Dwayne Pittman, a researcher with Canada’s Department of Fisheries and Oceans, was impressed with the size of a cod while tagging the fish in Motion Bay.(Craig F. Walker/Globe Staff)

For more than 500 years, the iceberg-filled waters off Newfoundland’s craggy coast teemed with a seemingly endless supply of cod, so much that it sparked wars, drew immigrants from far away, and defined the rhythm of life.

Here, cod have been so woven into the culture that most people refer to them simply as fish — as if there were no other.

In the late 1960s, when times were good, local fishermen would catch some 800,000 metric tons a year of the olive-backed fish known as the northern cod. In the 1980s, their catch dropped by more than one-third, but the population still appeared relatively healthy. In 1987, the government estimated there were 940,000 metric tons of cod old enough to reproduce.
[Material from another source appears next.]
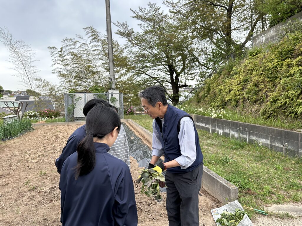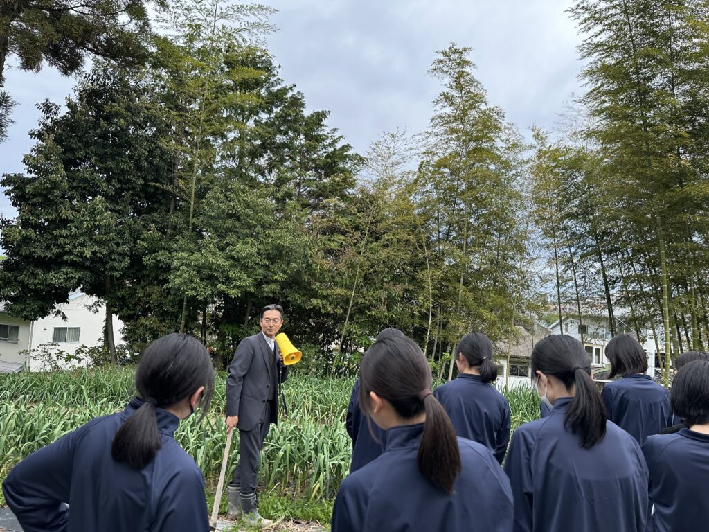 畑に到着です。採れたてのにんにくの芽の匂いを嗅ぎ、畑のレクチャーを受けました。皆の畑に何を植えるかを考えました。さつまいもを植えることにしました。

But after years of overfishing, changing sea temperatures, and mismanagement, cod had virtually vanished. By the time Canadian officials declared the moratorium in 1992, they estimated the population of mature cod — which are vital to a sustainable fishery — had plummeted 60 percent in five years. Three years later, even after almost all fishing stopped, the population had dropped even more precipitously, to less than 10,000 metric tons of the adult fish.

For cod fishermen in New England, where federal authorities two years ago declared a similar moratorium on commercial catches, Newfoundland’s experience provides lessons in the consequences of poor management, the possible impact of climate change, the long years — even decades — it can take for the population to rebound.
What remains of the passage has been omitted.